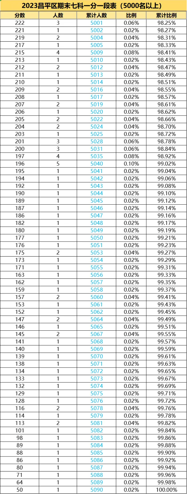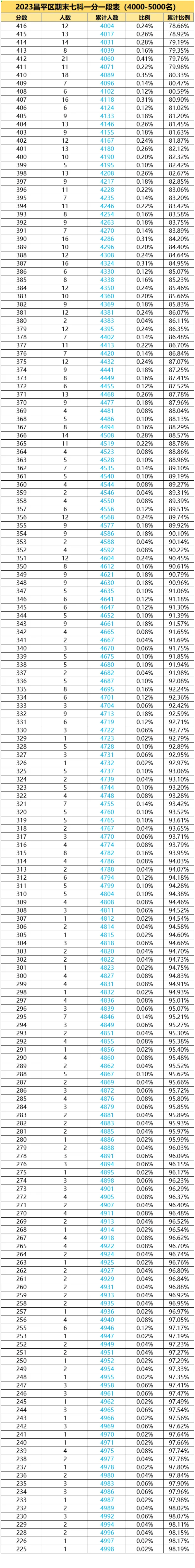 2023昌平初三期末(上)七科一分一段表(4000-5000名)网传版
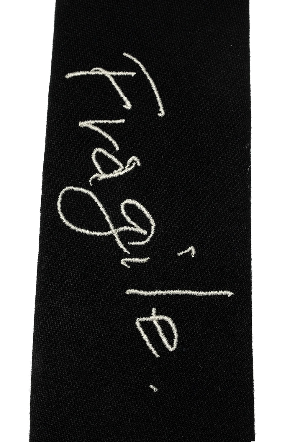 Czarny krawat Yohji Yamamoto. Wykonany z wełny. Wyszyty napis w kolorze białym.
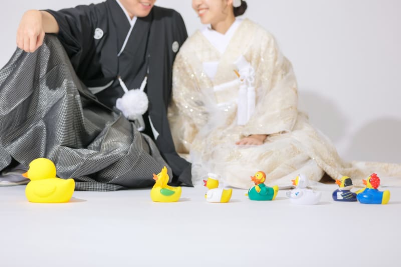背景がシンプルだからこそ映えるアヒル(笑) ご新郎様のポージングもとても様になっています◎
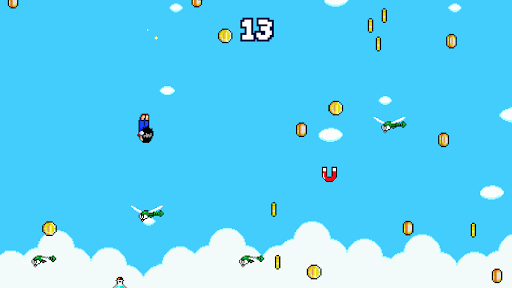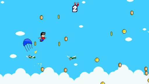 - Fun and jumping and flying game with 8-pixel and 16-bit 2D graphics (classic retro style).
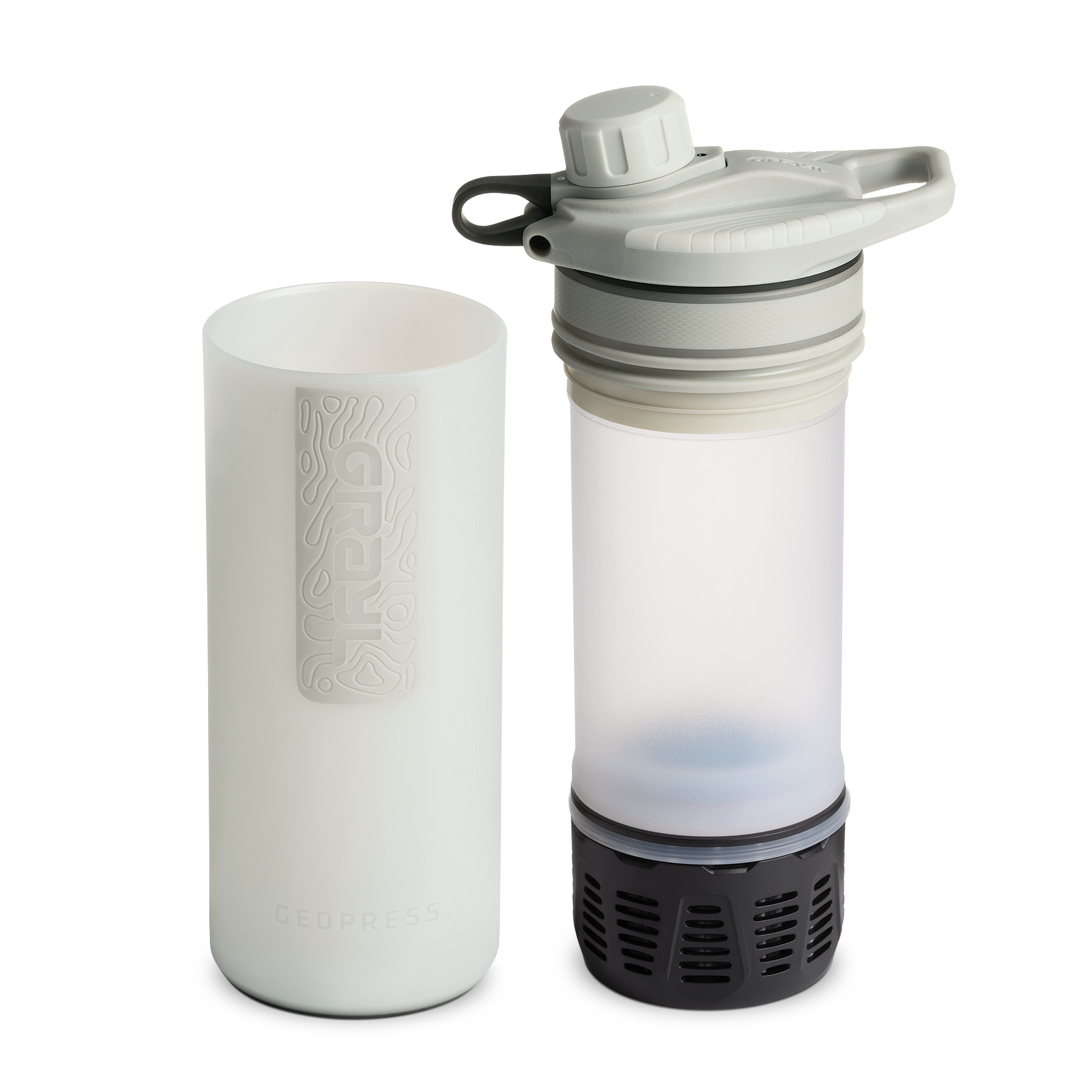 GeoPress® filters and purifies 24 oz of water, ideal for individuals and groups looking for a high capacity. UltraPress® purifies 16.9 oz and is great for individuals with limited space or when traveling with small pack side pockets.
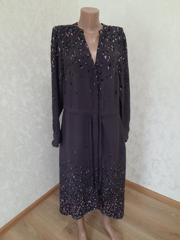 Отличное платье с актуальной асимметрией по низу. По пояску на кулісці.Є кармани. На рукавах и спереди красивые пуговицы. Замеры: ПП 41 ПГ 57 ПТ 49 ПБ 68 Низ 99 Длина 133 до самого длинного места Рукав 63
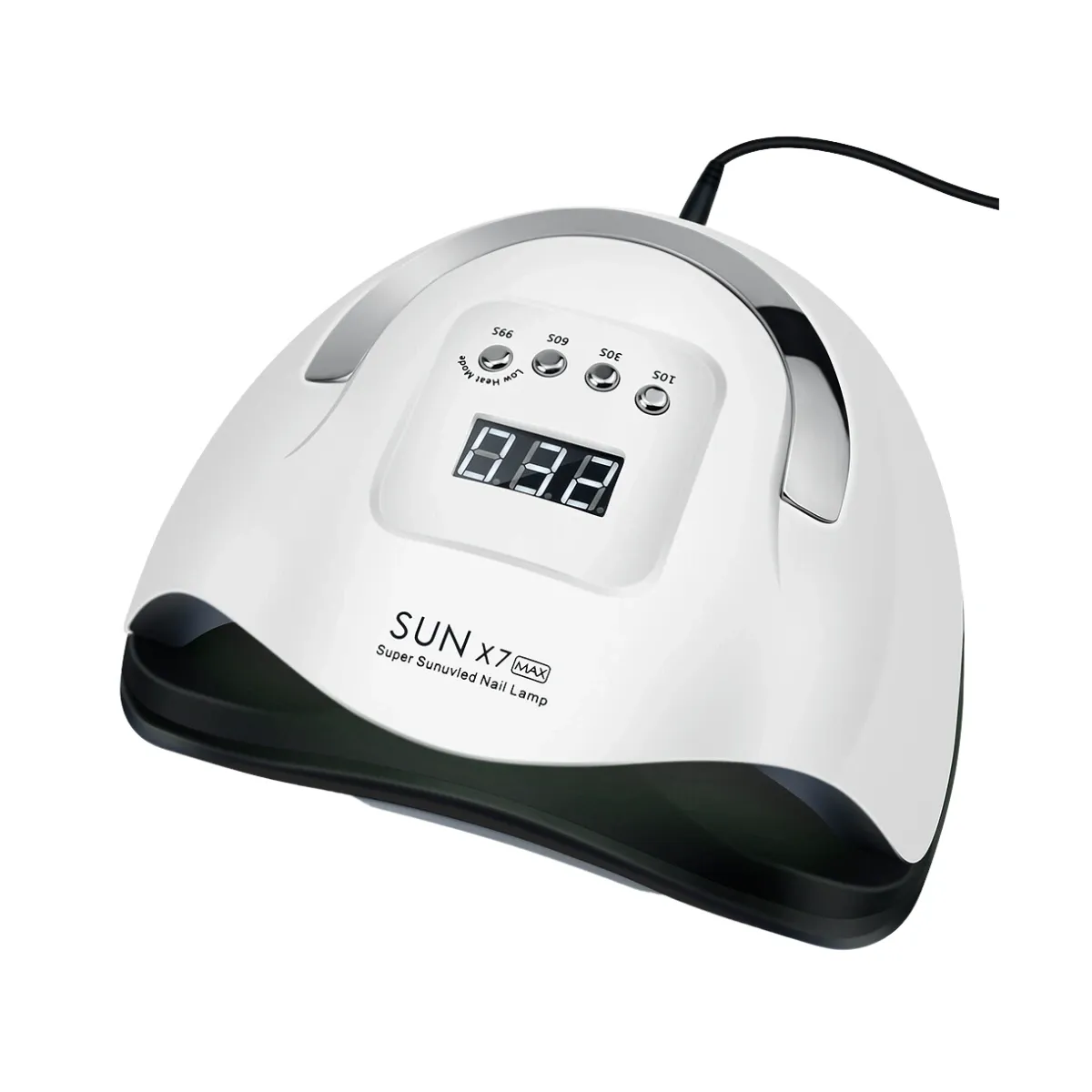 Este dispositivo cuenta con una fuente de luz dual UV/LED. Ofrece opciones de sincronización de 10, 30, 60 y 99 segundos. La potencia del producto es de 220 vatios y tiene un total de 57 cuentas de lámpara.
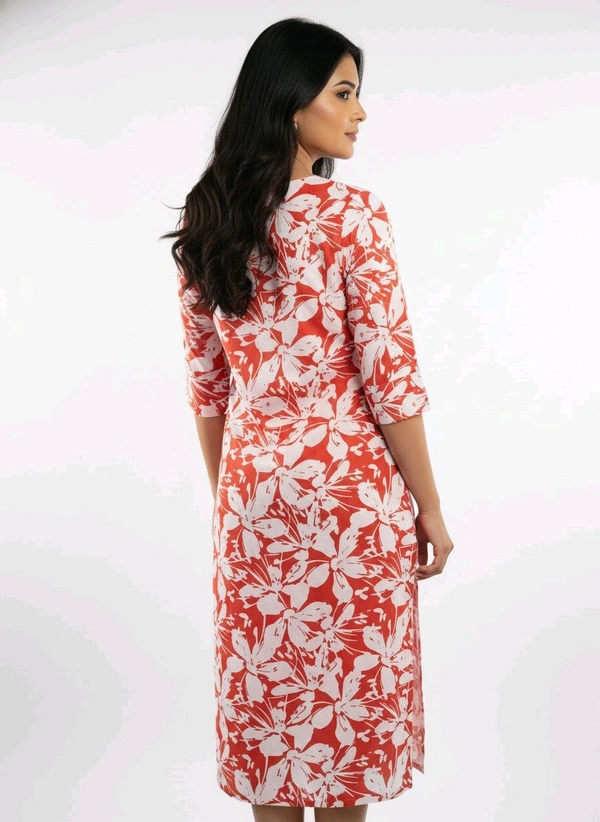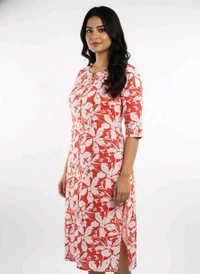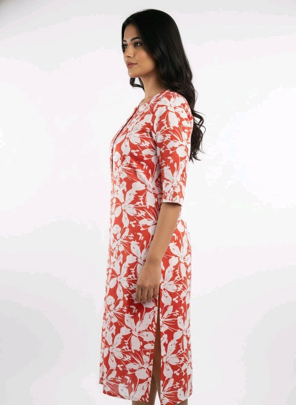 The vibrant red hue is complemented by delicate floral prints, adding a chic and feminine touch to your wardrobe. Whether you pair it with leggings, palazzos, or jeans, this kurti is versatile enough to adapt to any occasion effortlessly. Its lightweight fabric and impeccable craftsmanship make it an essential addition to your ethnic collection.
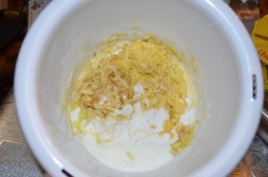 - Разтрийте ябълката, смесете с останалите компоненти.
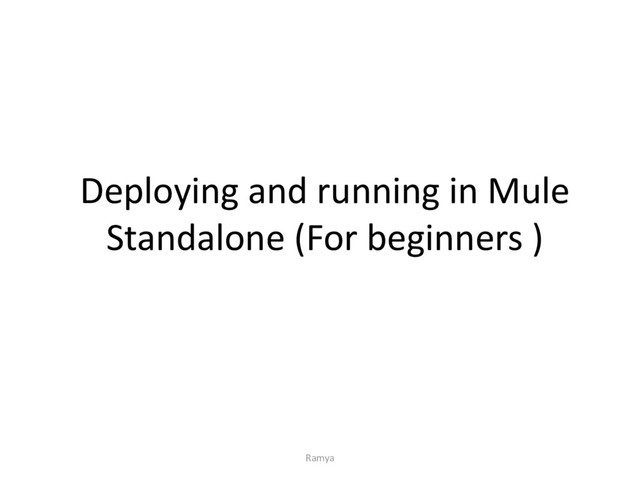 studio. This application we will be deploying and running in our Mule Standalone Server You can see a very simple flow which will send a message payload in our browser Ramya
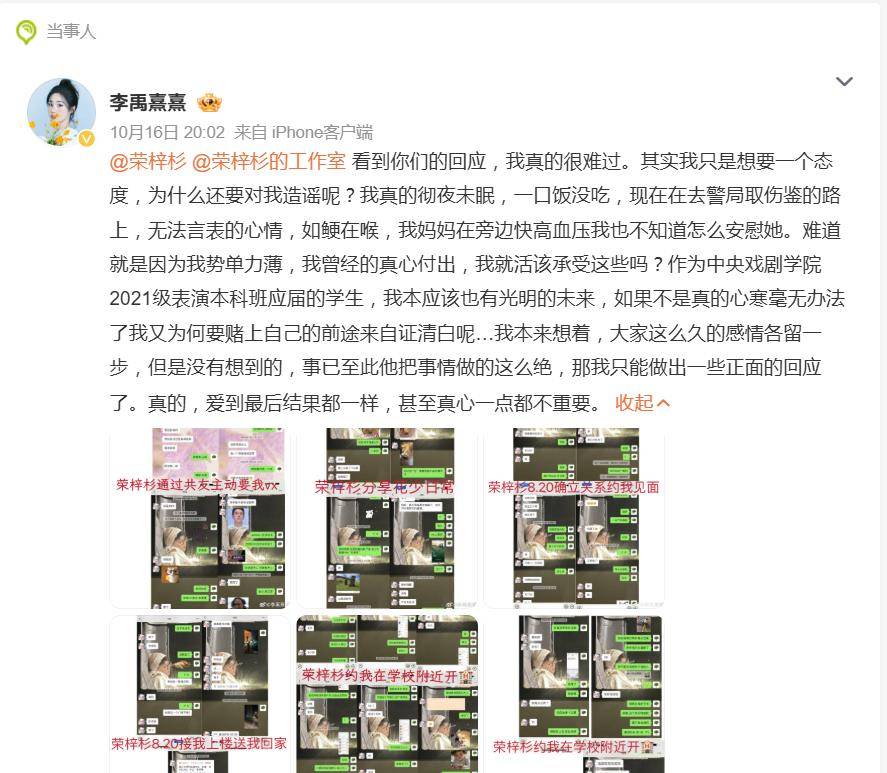 一桩涉及私密照、情感胁迫与经济纠纷的明星私事,在2025年10月突然成为全网焦点。中央戏剧学院学生李禹熹于10月16日发长文,实名控诉同龄演员荣梓杉在恋爱期间多项争议行为,引
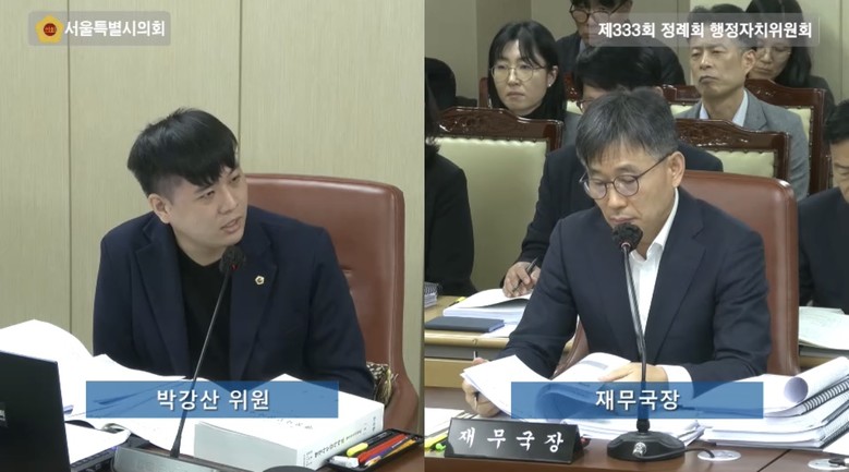 [서울 세계타임즈=이장성 기자] 서울시의회 박강산 의원(더불어민주당‧비례대표)은 10일 오전 서울시 재무국을 대상으로 한 2025년도 행정자치위원회 행정사무감사에서 한국지방세연구원의 방만한 운영 및 이중구조 문제를 비판하며 서울시 재무국의 책임 있는 역할론을 주문했다.
....................
■ ACTIVITY ■
In the copy you return, include exactly the lines from the one containing "Este dispositivo cuenta" through the final line of the listing, and no pictures.

■ WRITTEN ANSWER ■
 Este dispositivo cuenta con una fuente de luz dual UV/LED. Ofrece opciones de sincronización de 10, 30, 60 y 99 segundos. La potencia del producto es de 220 vatios y tiene un total de 57 cuentas de lámpara.
 The vibrant red hue is complemented by delicate floral prints, adding a chic and feminine touch to your wardrobe. Whether you pair it with leggings, palazzos, or jeans, this kurti is versatile enough to adapt to any occasion effortlessly. Its lightweight fabric and impeccable craftsmanship make it an essential addition to your ethnic collection.
 - Разтрийте ябълката, смесете с останалите компоненти.
 studio. This application we will be deploying and running in our Mule Standalone Server You can see a very simple flow which will send a message payload in our browser Ramya
 一桩涉及私密照、情感胁迫与经济纠纷的明星私事,在2025年10月突然成为全网焦点。中央戏剧学院学生李禹熹于10月16日发长文,实名控诉同龄演员荣梓杉在恋爱期间多项争议行为,引
 [서울 세계타임즈=이장성 기자] 서울시의회 박강산 의원(더불어민주당‧비례대표)은 10일 오전 서울시 재무국을 대상으로 한 2025년도 행정자치위원회 행정사무감사에서 한국지방세연구원의 방만한 운영 및 이중구조 문제를 비판하며 서울시 재무국의 책임 있는 역할론을 주문했다.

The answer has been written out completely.